Wednesday, July 16, 2014

Mencintai dalam Hati Ternyata Kesalahan

Namaku Tulip, seorang gadis yang tidak pernah pacaran sama sekali, dan memang berprinsip untuk tidak mau pacaran, tapi langsung menikah saja. Prinsip itu menjadikanku terlihat lebih cuek terhadap pria. Bahkan, aku terkenal kaku untuk bisa berhadapan dengan pria. Hingga terkesan dari luar justru aku ini jutek. Awalnya itu tidak menjadi masalah bagiku, tapi mulai menjadi masalah saat usiaku semakin matang untuk menikah, saat hampir semua teman sebayaku sudah menikah.

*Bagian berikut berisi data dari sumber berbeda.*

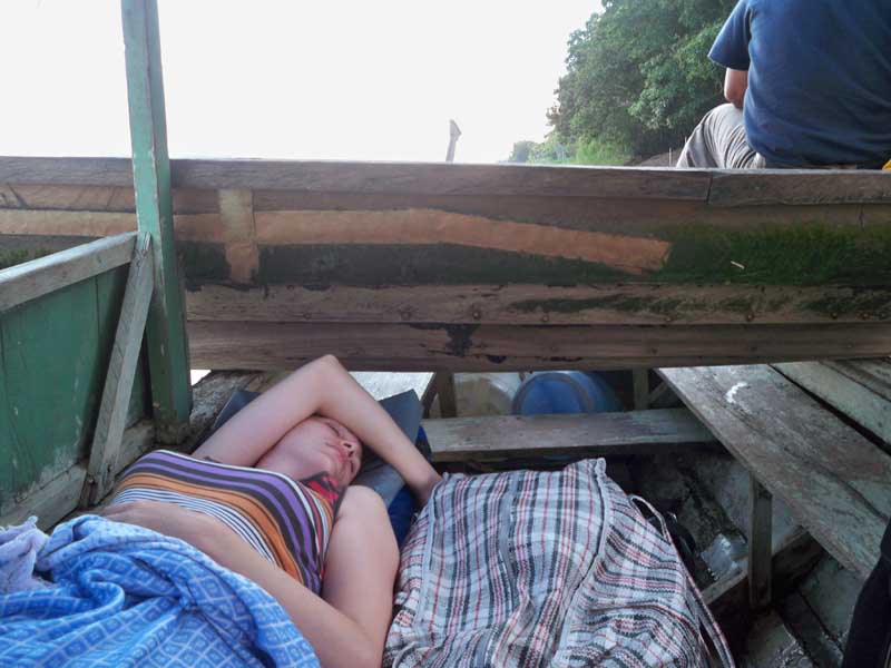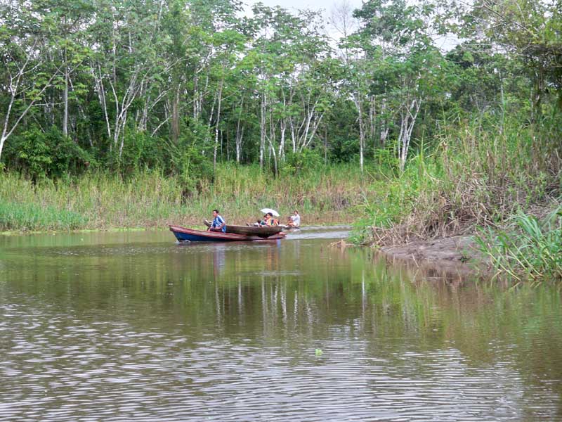 Unsere Reise in den Regenwald fing mit eine 3 stündigen Bootsfahrt über den Amazonas an, bei der nach halber Strecke unser Motor ausfiel… Also trieben wir auf einem Seitenarm so vor uns hin und mussten auf Hilfe warten. Ein einheimisches Boot ist zum Glück vorbeigekommen und hat einen der Mitarbeiter mitgenommen um nen neuen Motor aus einem befreundetem Nachbardorf zu holen.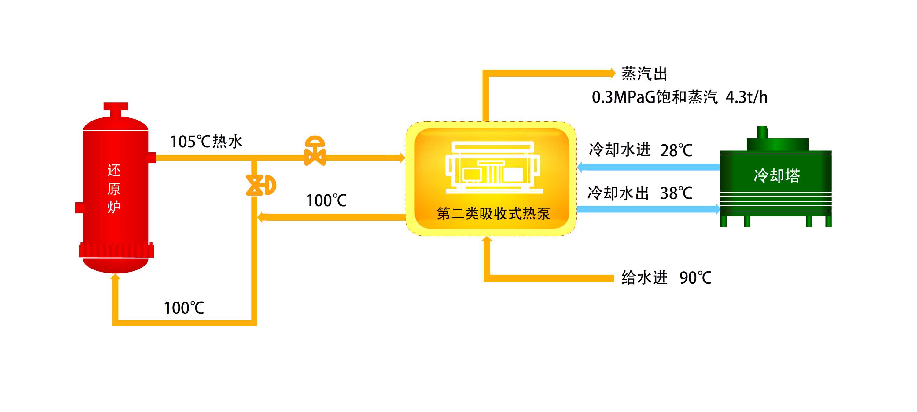 傳統(tǒng)工藝采用空冷器將還原爐底盤105℃熱水降溫到100℃后再回爐循環(huán)使用,應(yīng)用第二類吸收式熱泵后,不僅替代了空冷器,更重要的是能將1O5℃-1OO℃的這部分余熱回收利用直接轉(zhuǎn)換成蒸汽,每小時(shí)可產(chǎn)生O.3MPaG蒸汽4.3噸,供多晶硅制造工藝使用,年節(jié)約標(biāo)煤3000余噸。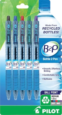 Pilot B2P Bottle 2 Pen Retractable Ballpoint Pens, Medium Point, Assorted Ink, 5/Pack (32814)

Prinsip tidak mau pacaran yang kuanut kukira tadinya sudah cukup. Namun ternyata prinspi itu mengantarkanku untuk terjebak dalam situasi "Cidaha", ya Cinta Dalam Hati. Setiap aku menyukai seorang pria, aku menyimpannya rapat-rapat, bahkan jarang kuceritakan kepada siapapuun. Di depan aku terlihat biasa-biasa saja seperti cuek kepada dia yang kusukai. Namun, di belakangnya aku bisa stalking kegiatan hariannya melalui akun sosmed-nya dari Facebook,blog,Twitter, dan lain-lain.

Sayangnya, ketidakberanianku untuk mengungkapkan perasaan terlebih dahulu membuahkan akibat yang terus berulang. Setiap orang yang ku kagumi secara rahasia, selalu meninggalkanku dan menikah dengan wanita lain. Hal tersebut berulang terjadi sampai beberapa kali. Hingga suatu masa aku merasa ini harus menjadi yang terakhir kalinya aku terjebak dalam virus Cidaha.

Kurang lebih dua tahun aku mengaguminya, kekagumanku kali ini rasanya berlebihan. selain stalking akun sosmed-nya, aku juga sampai membuat catatan harian tentangnya. Catatan digital seperti buku harian di laptopku. Setiap hari aku menulis tentangnya dan tentangku, harapan-harapanku bersamanya, impianku bersamanya dan lainnya. Tanpa ia ketahui. Perasaan itu aku simpan rapi, hanya salah seorang sahabatku yang mengetahuinya.

Hingga suatu hari aku mendengar kabar bahwa dia akan menikah! Kaget bercampur sedih aku rasakan. Kali ini aku putuskan untuk memberanikan diri mengungkapkan persaanku kepadanya. Kemudian ia hanya menanggapi, "Kamu ke mana saja selama ini, saat aku mengharapkanmu, kamu ke mana?"
Ya! salahku sendiri yang terlalu egois di saat sebenarnya sinyal-sinyal cinta darinya mulai aku dapatkan beberapa waktu sebelumnya.

Aku kalut, sakit hatiku sudah memuncak merasakan kegagalan perasaanku lagi. Kuputuskan memberi file catatan harian itu kepadanya. Terserah apa yang mau dipikirkannya, namun aku ingin dia juga tahu perasaanku kepadanya. Meski kuakui dalam hati bahwa saat itu ada harapan bahwa dia akan berpaling kepadaku, takdir sudah berbicara, ini sudah menjadi keputusan Allah. Dia tetap menikah dengan orang lain.

Aku sadar bahwa ada hal yang harus kubereskan, yaitu diriku sendiri. Aku harus berdamai dengan diriku sendiri, yang ternyata belum memaafkan kesalahannya yang terlalu memforsir diri mencinta pada tempat yang tak seharusnya. Sekarang ini biarlah aku mendekat kepada-Nya untuk dipantaskan bertemu dengan ia yang ditakdirkan untukku, dengan cara-cara yang lebih baik. Aamiin

                                                                  *****

Memaafkan kesalahan orang lain terhadap diri kita itu jauh lebih mudah dibandingkan dengan memaafkan kesalahan diri sendiri terhadap diri kita. Terjebak Cidaha, secara tidak langsung ternyata membuat diri kita merasa bersalah. Merasa bersalah bukan terhadap orang lain, tapi pada diri sendiri.
"Kenapa harus merasakan mencintai sebuah kesia-siaan? Kenapa harus rela buang-buang waktu untuk sebuah ketidakjelasan? Kenapa harus mau tersiksa dengan perasaan yang tidak seharusnya?"

Terlebih memohon ampunan kepada-Nya, karena saat terjebak kondisi Cidaha, boleh jadi kita telah menduakan bahkan me-multiple-kan cinta-Nya yang membuat Allah murka. Mari, jadikan setiap penyesalan diri sebagai hikmah yang membawa kita pada kesyukuran.